■ Exercise requirements
What you give back should be exactly the lines from the one with "Чокер фигурный из" through the end of the data, without the pictures.

■ Raw data
____________________
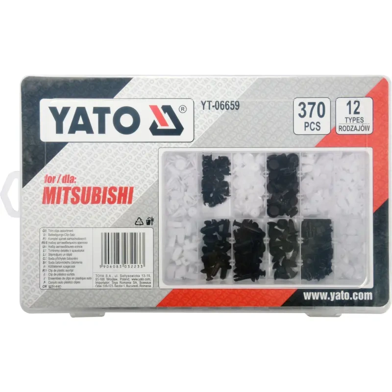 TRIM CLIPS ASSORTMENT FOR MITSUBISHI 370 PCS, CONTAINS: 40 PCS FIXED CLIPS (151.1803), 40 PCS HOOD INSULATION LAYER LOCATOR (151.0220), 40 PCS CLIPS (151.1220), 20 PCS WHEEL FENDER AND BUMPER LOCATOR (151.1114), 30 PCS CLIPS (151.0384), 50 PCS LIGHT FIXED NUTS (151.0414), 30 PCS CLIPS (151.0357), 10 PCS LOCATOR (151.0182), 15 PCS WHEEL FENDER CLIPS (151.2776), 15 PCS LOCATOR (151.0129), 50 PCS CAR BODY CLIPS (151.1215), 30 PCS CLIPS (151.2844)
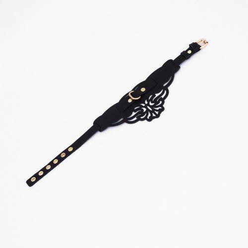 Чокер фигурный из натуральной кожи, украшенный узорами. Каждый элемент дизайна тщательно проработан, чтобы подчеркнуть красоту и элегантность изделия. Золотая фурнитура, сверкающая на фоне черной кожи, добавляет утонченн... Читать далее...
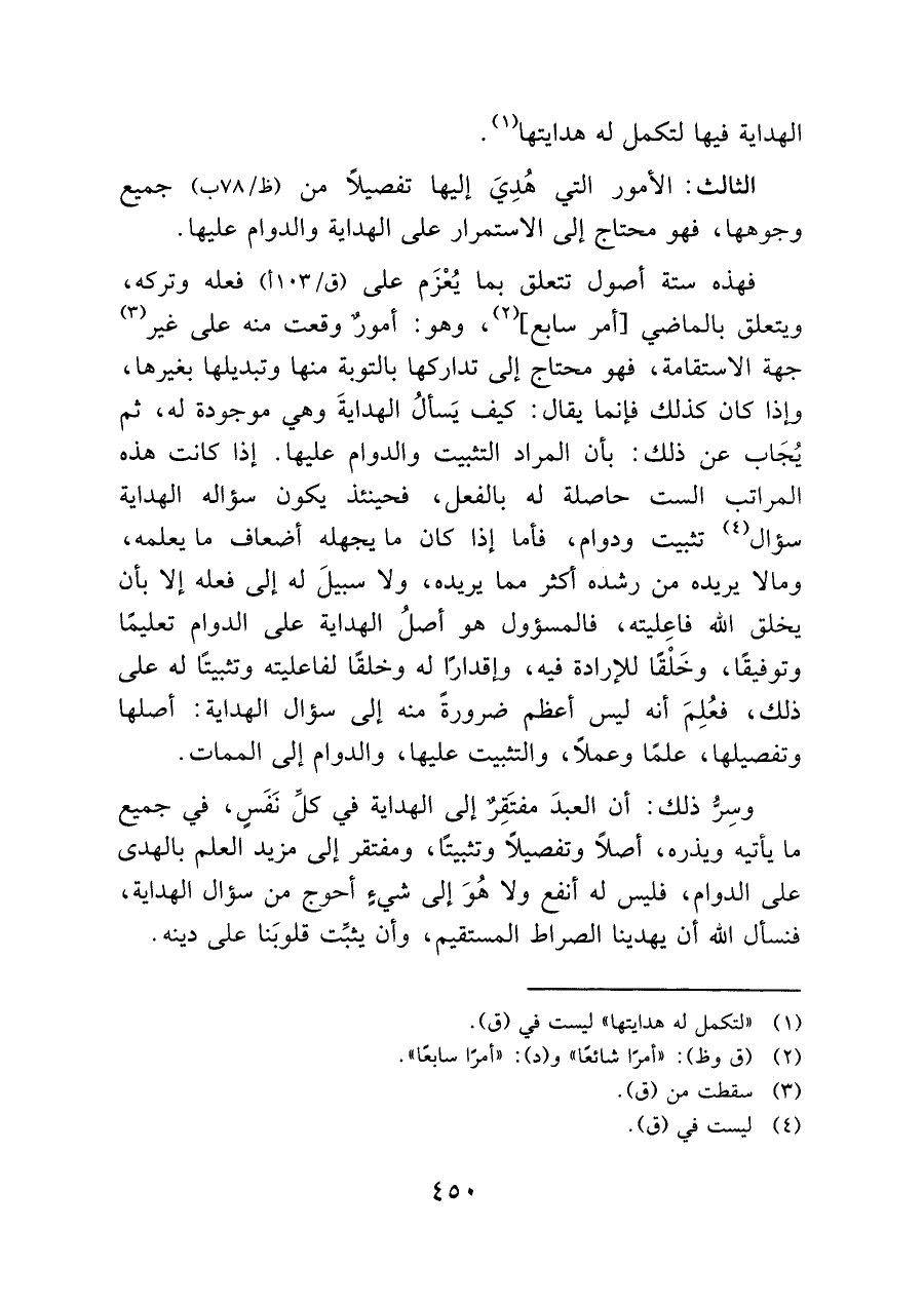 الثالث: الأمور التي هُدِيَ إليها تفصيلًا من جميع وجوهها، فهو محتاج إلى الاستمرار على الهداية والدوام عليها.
____________________
■ Exercise response
 Чокер фигурный из натуральной кожи, украшенный узорами. Каждый элемент дизайна тщательно проработан, чтобы подчеркнуть красоту и элегантность изделия. Золотая фурнитура, сверкающая на фоне черной кожи, добавляет утонченн... Читать далее...
 الثالث: الأمور التي هُدِيَ إليها تفصيلًا من جميع وجوهها، فهو محتاج إلى الاستمرار على الهداية والدوام عليها.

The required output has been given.